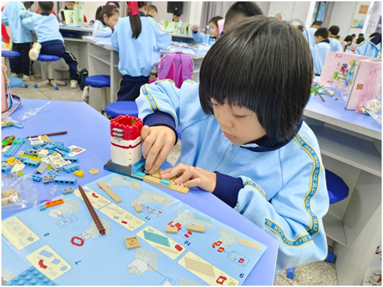 学生们通过动手搭建主题积木造型,构建完整场景。锻炼动手能力,培养学生们的想象能力和观察能力,发展空间知觉,提高创造力。激发其去探索和挑战自己创造力的潜质。
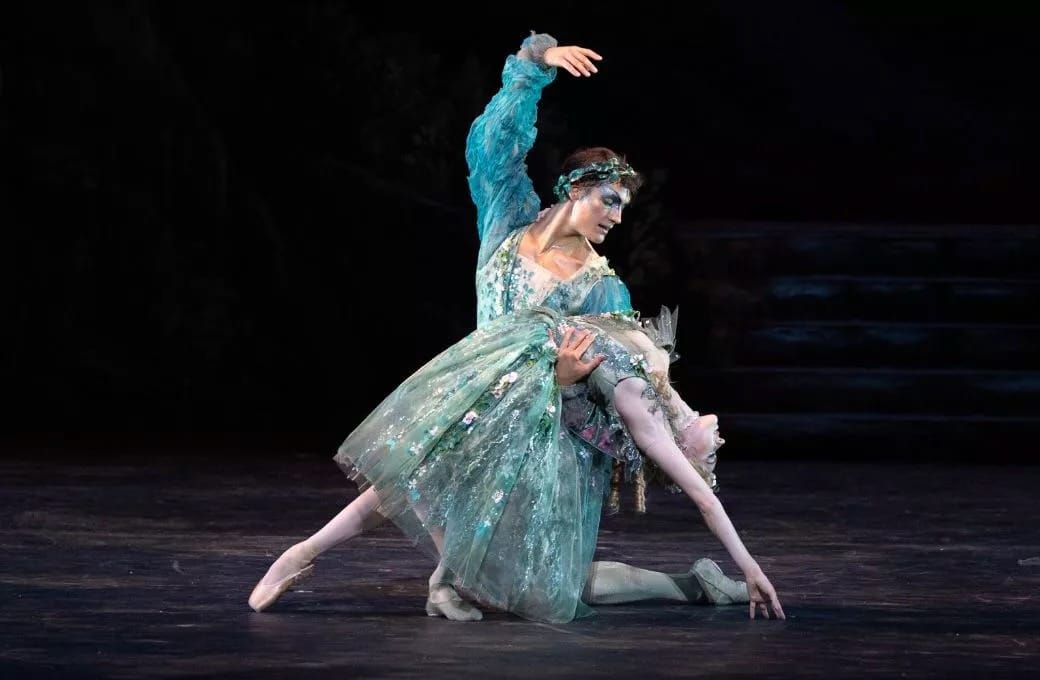 ABT’s “Ballet Imperial”, familiar to New York audiences as NYCB’s “Tschaikovsky Piano Concerto No. 2”, uses scenery and costumes based on the original Rouben Ter-Arutunian designs for the 1964 NYCB revival of the 1941 ballet when it was still Imperial (the glimpse of old Russia in the background and the elaborate tutus were replaced in 1973 by a plain backdrop and chiffon shifts). 1964 was also the 400th anniversary of Shakespeare’s birth, and the great British choreographer helped celebrate it with his version of “A Midsummer Night’s Dream”, a one-act condensation set to Mendelssohn’s 1842 incidental music composed for the play. Ashton’s ballet often looks back to the Romantic ballet of the period, with delicate footwork, tilted torsos—four fairies even give us a glimpse of the famous “Pas de Quatre” pose. But Balanchine and Ashton were not choreographing simple pastiches, and both ballets have a timeless beauty, with choreography rooted in the past but always fresh.
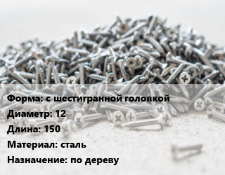 Шуруп с шестигранной головкой 12х150 сталь по дереву, упаковка 1000 шт цена от 20 209 ₽ / кг, где купить, условия доставки в Барнауле и Барнаульской области
+ + + + +
▶ **What this task involves**
The line containing "but always fresh." marks the end: transcribe every line from the start of the listing up to and including it, minus the pictures.

▶ **Solution**
 学生们通过动手搭建主题积木造型,构建完整场景。锻炼动手能力,培养学生们的想象能力和观察能力,发展空间知觉,提高创造力。激发其去探索和挑战自己创造力的潜质。
 ABT’s “Ballet Imperial”, familiar to New York audiences as NYCB’s “Tschaikovsky Piano Concerto No. 2”, uses scenery and costumes based on the original Rouben Ter-Arutunian designs for the 1964 NYCB revival of the 1941 ballet when it was still Imperial (the glimpse of old Russia in the background and the elaborate tutus were replaced in 1973 by a plain backdrop and chiffon shifts). 1964 was also the 400th anniversary of Shakespeare’s birth, and the great British choreographer helped celebrate it with his version of “A Midsummer Night’s Dream”, a one-act condensation set to Mendelssohn’s 1842 incidental music composed for the play. Ashton’s ballet often looks back to the Romantic ballet of the period, with delicate footwork, tilted torsos—four fairies even give us a glimpse of the famous “Pas de Quatre” pose. But Balanchine and Ashton were not choreographing simple pastiches, and both ballets have a timeless beauty, with choreography rooted in the past but always fresh.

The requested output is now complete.